Sophie Au

Software Developer, Web Designer, Tea Enthusiast

How the Imperial Splendour tool package came to be

03 December 2017

About two years ago, I blogged about my plans to create a launcher for my brother's Empire: Total War mod. And now I'm finally done. It didn't take me the whole two years (thankfully) but happend in phases. Which led to a lot of rewriting because I'd learn a lot in between the phases. Kind of annoying but actually a good thing. Because the version I released a year ago was not that great. It was working but the code base was full with dependencies, stuff happening implicitly and just not that pretty code. This has been changed with the release of the beta for version 1.0.

The Beginnings

Short recap: Some time in mid-2014, when I'd just started my computer science degree, my brother asked my to write a launcher for his mod. And I, naive as I was back then, agreed. Since I didn't know what I was doing I didn't actually do any work for about 2 years.

The first tenative prototypes (version 0.1 and version 0.2) weren't released until September 2016 during my winter break from uni. At that point, the launcher was a one-size-fits-all solution for installing, launching and uninstalling the mod. It worked, mostly, but it wasn't great. The code was one big blob and the using the launcher was way too complicated. But before I had time to improve on the code, the semester had started and I was busy with uni work.

Cut to October 2017: I'd finally finished my bachelor's degree and my grad job wouldn't start until January. Time to finally finish the launcher. By that point, I hadn't written Java code for a while but it was incredibly easy to get back into it. What I had been doing though was reading about clean code and software architecture. This definitely helped me in my decision to untangle my one app into four and an API.

The Untangling

One thing that continually popped up when reading about architecture was modularity. Everything should be as independent as possible. I more or less did that already with multiple classes and neatly organized methods. But the launcher, the final product was just all functionality shoved into one slightly confusing UI. That's why I decided to seperate the launcher into 4 different programs. An installer, a proper launcher, an uninstaller and a patcher.
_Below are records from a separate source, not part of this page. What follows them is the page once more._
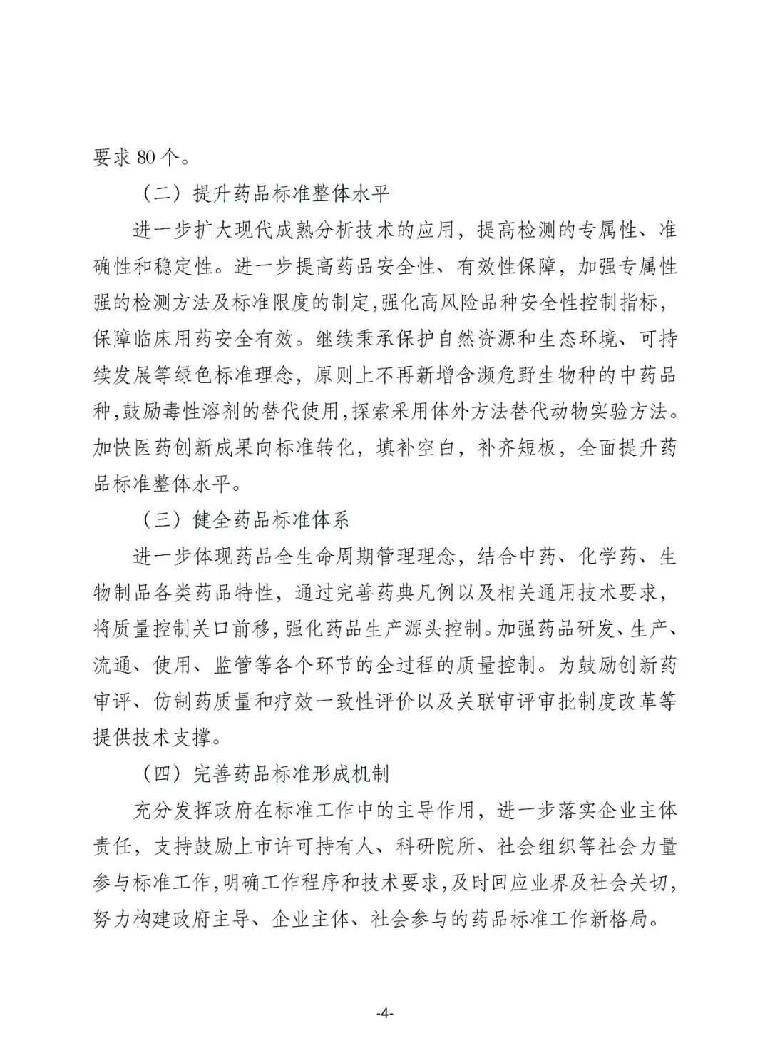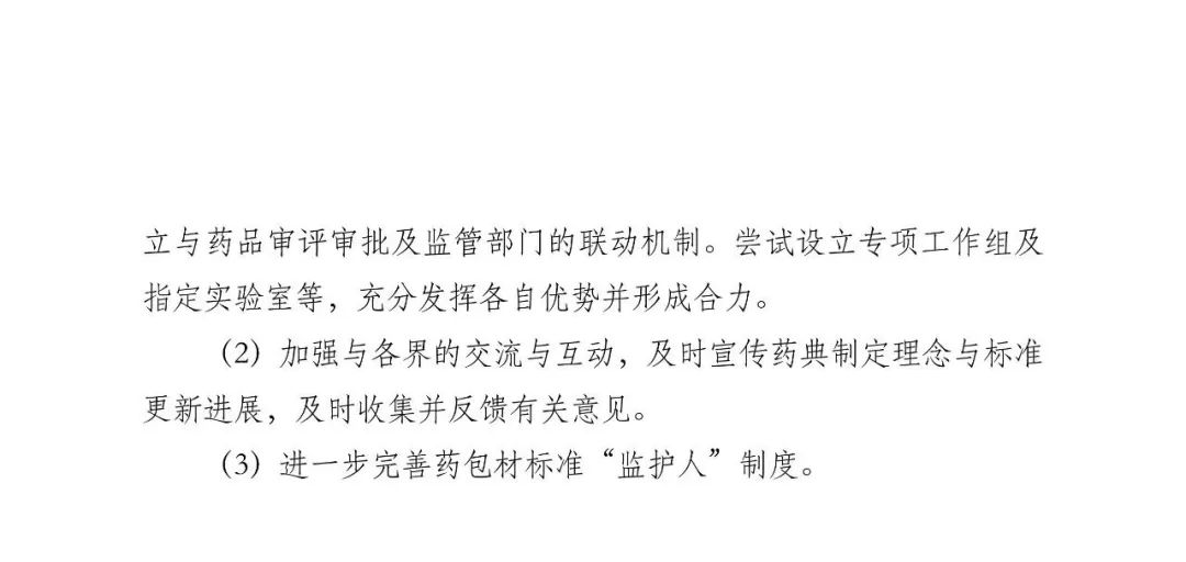 (四) 完善药品标准形成机制,进一步落实企业主体责任,支持鼓励上市许可持有人、科研院所、社会组织等社会力量参与标准工作,明确工作程序和技术要求。
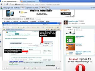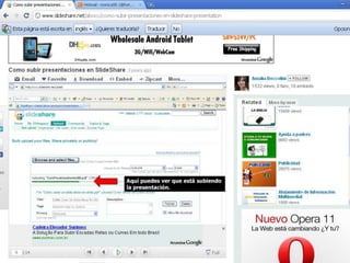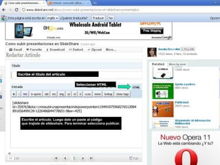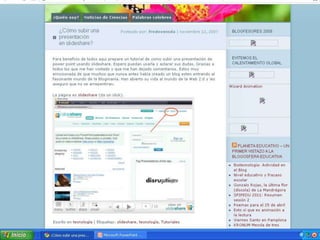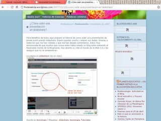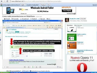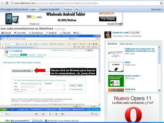 SlideShare es una aplicación web que permite almacenar presentaciones de diapositivas y compartirlas en formato FLASH para que puedan ser vistas fácilmente sin necesidad de descargarlas o llevar la presentación original.
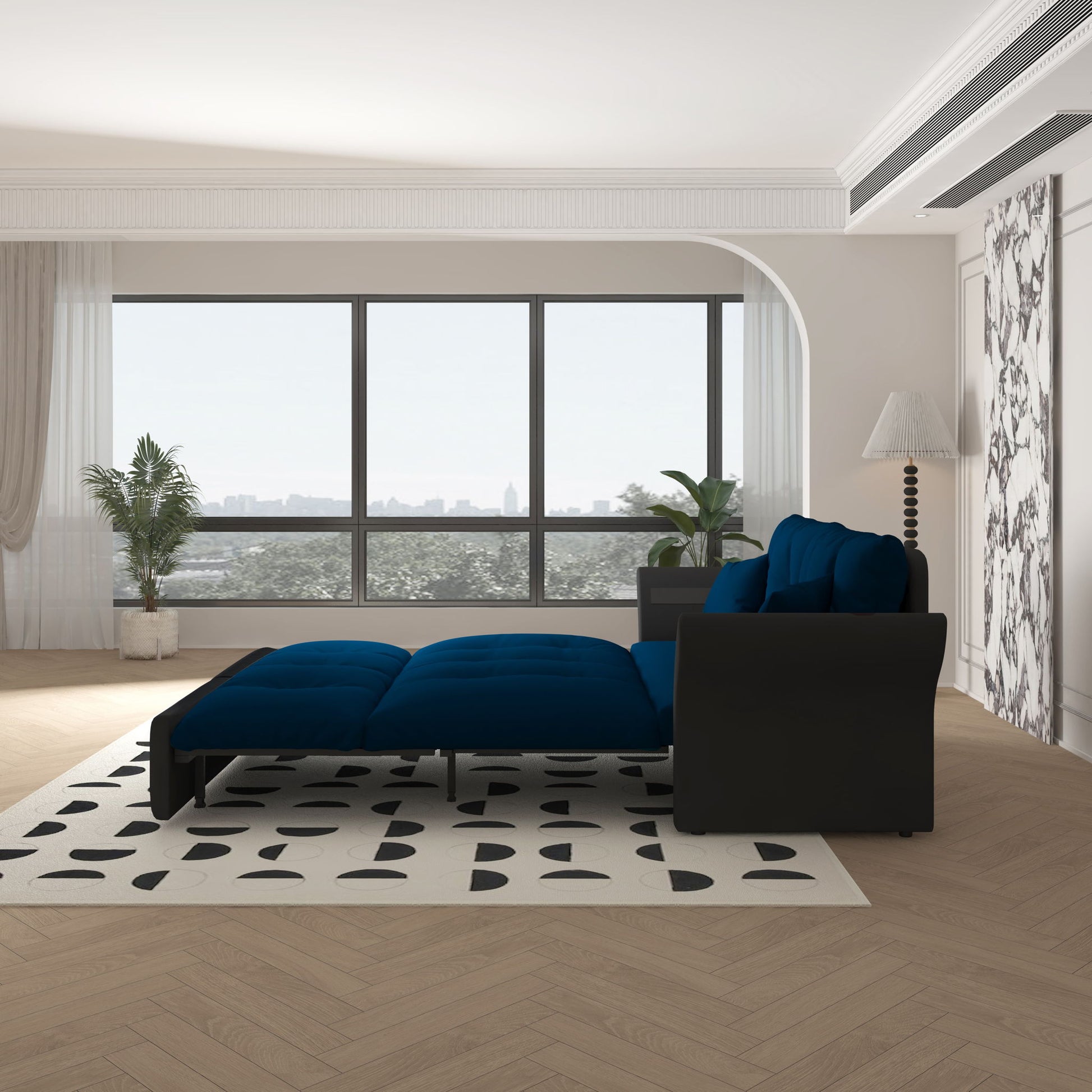 Queen Pull Out Sofa Bed, 3 In 1 Convertible Sleeper Tufted Sofa & 2 Soft Pillows - Blue

With that decision came the need to identify an underlying base API. Seperating out the different functionalities is not much better than one big blob if I just take the old source code and delete and change things here and there depending on the functionality.

My approach to this was:

  1. Create an empty main class each for the Installer, Launcher, Uninstaller and Patcher
  2. Move the code from my old source into those classes if needed
  3. Move code needed by multiple of those classes into a different class that all can access.

When I was happy with the skeleton I'd built, I started actually cleaning up the code and moving as much as possible into the future-API class. Pretty quickly it became obvious that there were two main functionalities:

  • Moving around various files
  • Reading and chaging the status file

Of those two functionalities, the "outside world" was only really interested in moving around the files. As such, I could comfortably move all the code related to the status file into a package private seperate class.

The Test Phase

Throughout the whole refactoring process I had inserted log4j (log) calls wherever I deemed them useful. So when I finally got around to testing the programs, I had nice long logs of what happened. And it mostly went really well. Of course there were a few hickups here and there most of them were due to Java not playing nice with Windows (or the file system in general).

And so, after a few Saturdays with my brother and a weekend trying to fix a guy frum Hungary's problems, the whole Imperial Splendour Launcher package is finally out of beta and ready to be released as version 1.0. This is the release post actually.

So, go ahead, check out all the components here and feel free to use whatever you find useful for your own projects.